Een klassieke test voor het evalueren van de effecten van anesthesie is het spuiten van een koude sprayoplossing op de onder narcose gebrachte gebieden en om de patiënt om een ​​beschrijving van de sensatie te vragen.

Wanneer de farmacologische infusie niet langer noodzakelijk is (bijvoorbeeld aan het einde van de keizersnede) onderbreekt de anesthesist de anesthetische en pijnstillende toediening en trekt eerst de wervelkatheter en vervolgens de naald-canule terug.

IS ER EEN NAUWKEURIG PUNT VOOR INJECTIE?

Tijdens een spinale anesthesie vindt het inbrengen van de canulinenaald voor de introductie van de wervelkatheter plaats ter hoogte van de tweede lendewervel of lager.

Door het inbrengen in hogere posities te oefenen, heeft de anesthesist meer kans om het ruggenmerg door te prikken of te knijpen met de naaldcanule, waardoor het wordt beschadigd.

SENSATIES EN TYPISCHE EFFECTEN VAN EEN DRAAIDE ANESTHESIE

Wanneer de anesthesist de naald-canule of de spinale katheter inbrengt, kan de patiënt een klein ongemak ervaren, ter hoogte van de inbrengzone.
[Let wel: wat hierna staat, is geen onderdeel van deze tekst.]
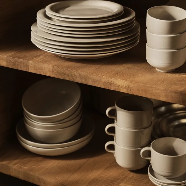 Serviset er laget av kraftig brent steingods i en myk og sandaktig fargetone uten noen synlig finish, slik at maten som serveres er eneste dekorasjon. Den matte strukturen fremhever lysspillet i flatene, og steingodset er full- eller halvglasert med et transparent uttrykk.

In sommige omstandigheden is het zelfs mogelijk dat de plaatsing van de wervelkatheter een gevoel bepaalt dat vergelijkbaar is met een elektroshock: dit gebeurt wanneer de plastic buis de wortels van de spinale zenuwen (of perifere zenuwen) weidt.

Typisch, kort nadat de injectie van anesthetica en analgetica begint, begint de patiënt een warme gevoelloosheid te ervaren in de onderrug en langs beide onderste ledematen. Bovendien waarschuwt het dat de benen geleidelijk zwaarder worden en moeilijker te verplaatsen zijn.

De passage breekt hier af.